Excerpts from a dataset:
Content starts

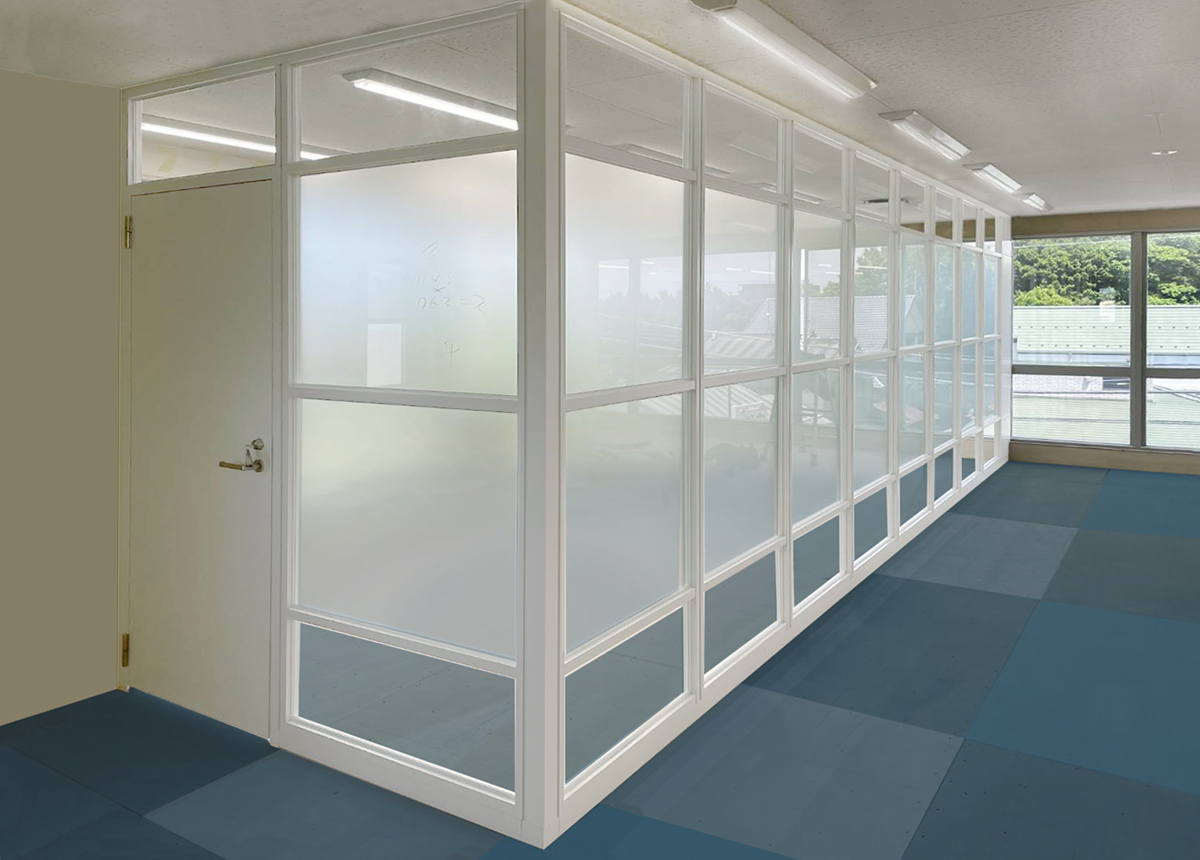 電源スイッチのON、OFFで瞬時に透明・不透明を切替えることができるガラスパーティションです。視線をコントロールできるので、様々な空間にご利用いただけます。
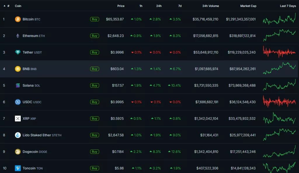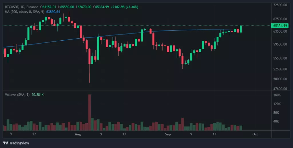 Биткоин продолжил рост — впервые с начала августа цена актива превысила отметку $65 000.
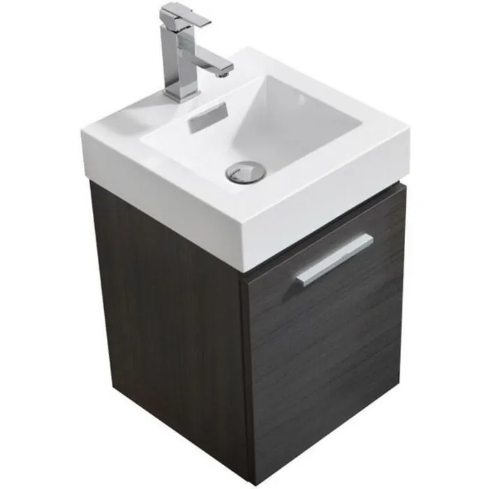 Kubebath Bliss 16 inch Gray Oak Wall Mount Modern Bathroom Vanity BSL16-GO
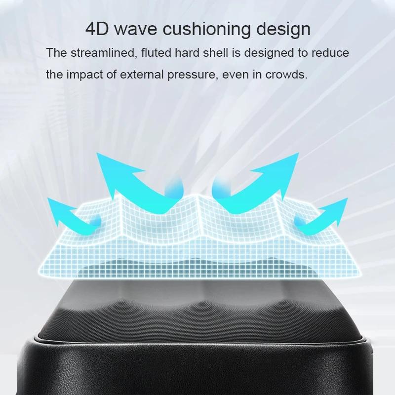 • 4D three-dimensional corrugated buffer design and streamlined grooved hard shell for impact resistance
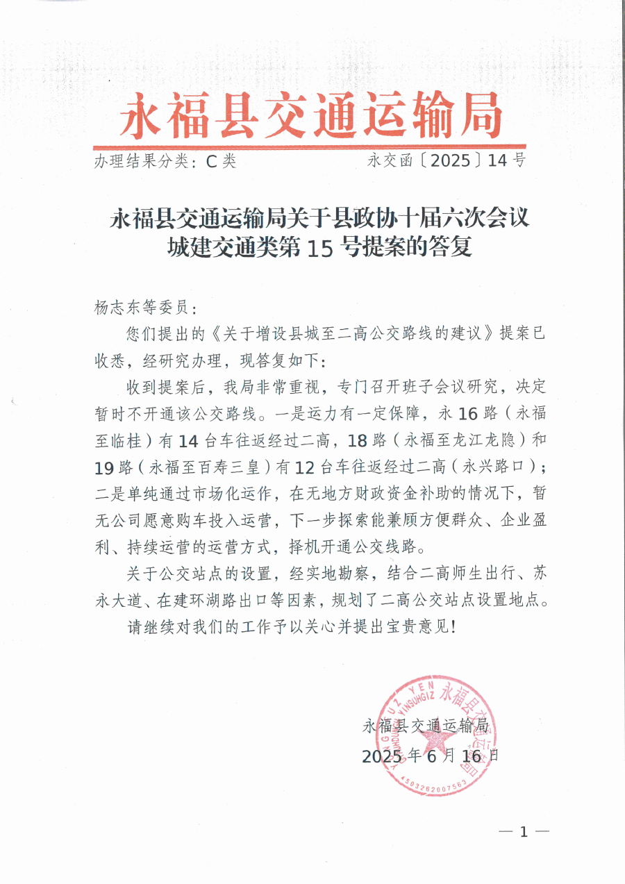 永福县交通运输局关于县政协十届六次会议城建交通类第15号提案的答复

Content ends

* EXERCISE DESCRIPTION: The expected output is an exact copy of the lines from the one with "for impact resistance" to the final line of the entries above, pictures excepted; please include both ends.

* RESPONSE TO THE EXERCISE:
 • 4D three-dimensional corrugated buffer design and streamlined grooved hard shell for impact resistance
 永福县交通运输局关于县政协十届六次会议城建交通类第15号提案的答复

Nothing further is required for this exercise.